Since I wanted to get into a good college, and since I wanted to get a scholarship instead of paying an exorbitant amount of money for school, in my senior year I decided to take AP English, two math classes, AP Chemistry, college-level Spanish, college-level psychology and sociology, and college-level economics, for which I got credit from the University at Albany. I was able to skip Spanish 4 and rejoin my senior class thanks to Ms. Franklin, my Spanish teacher, who spent time after school preparing me for the Spanish 4 final exam. At the end of eleventh grade, I took both the Spanish 3 and 4 finals, which helped me skip a whole year’s worth of Spanish.

The first day of senior year I was one of the lucky students who drove to school. Just a month before school began, I bought a used 1994 Chevy Cavalier, for which I saved from my part-time job at McDonald’s. Since my mother didn’t drive me to school, I would often arrive late. This never happened before I started driving to school. My attitude toward my senior year was, “Let’s get this over with.” I was so ready to move on from high school.

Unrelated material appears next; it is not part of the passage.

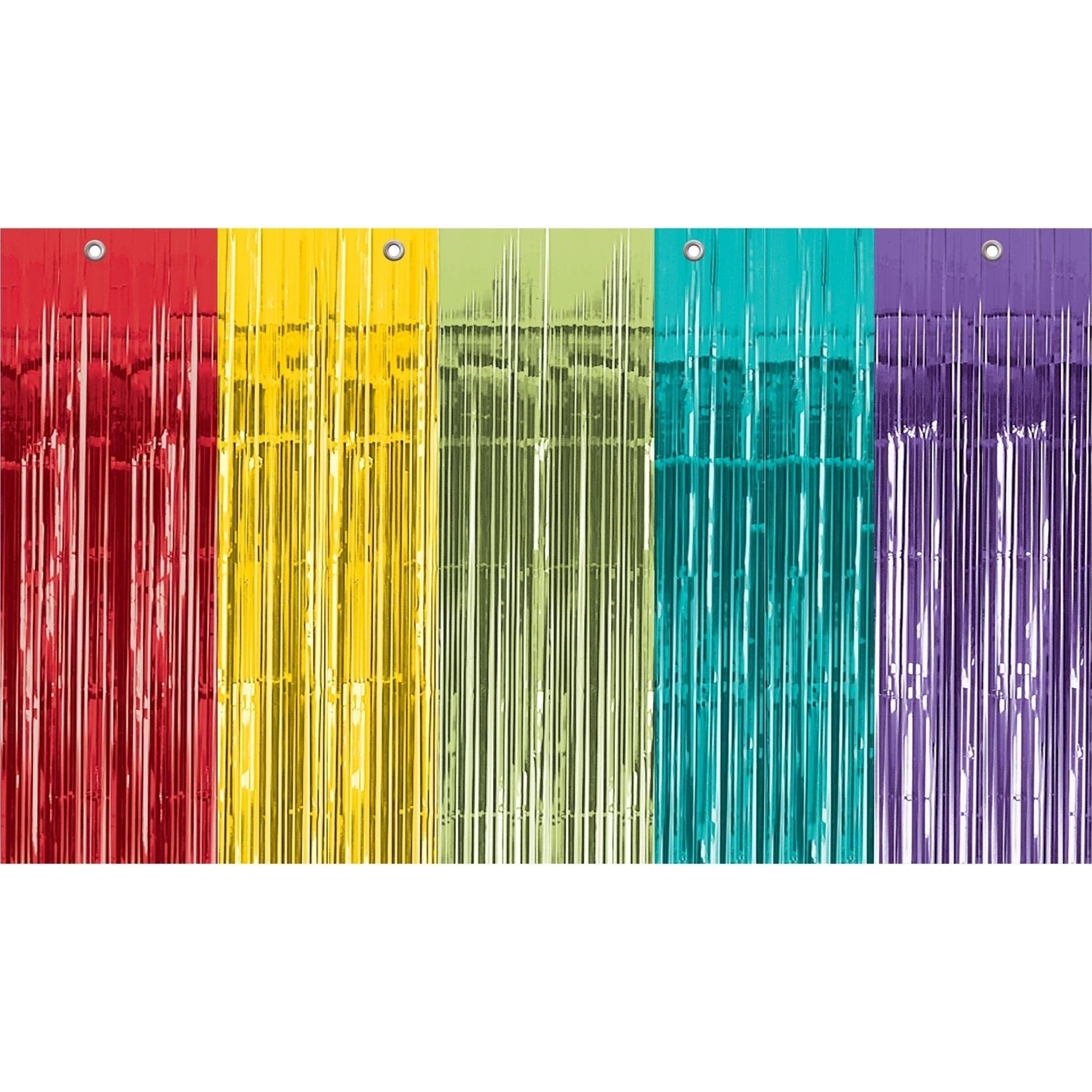 Transform your space with our Curtain - Rainbow, Plastic and Foil, 3' x 8'. This vibrant curtain adds a splash of color and whimsy to any room, making it perfect for children's spaces or festive occasions.
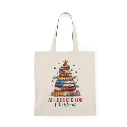 Generic - Tote Bag - شنطة قماش بسوستة – بتصميم شجرة كتب للكريسماس – تصميم كريسماس لطيف للهدايا والمناسبات – شنطة خروج وتسوق مطبوعة – خفيفة ومتينة وصديقة للبيئة مناسبة للهدايا والجامعة

On the first day of senior year, I decided to sit at a table where Eric and Dan were eating lunch. Although, I didn’t want to and I know I was not invited, there was nowhere else to sit. I sat at the end of the table, and they were taken aback but didn’t say anything. Eric had all this anger toward me, although I could never figure out why. He was always tormenting me and always trying to give off this masculine persona. Eric loved stirring up drama, like his life was a reality television show. What made it worse was that his group of friends, especially Dan, would agree with or do anything that Eric told them to do.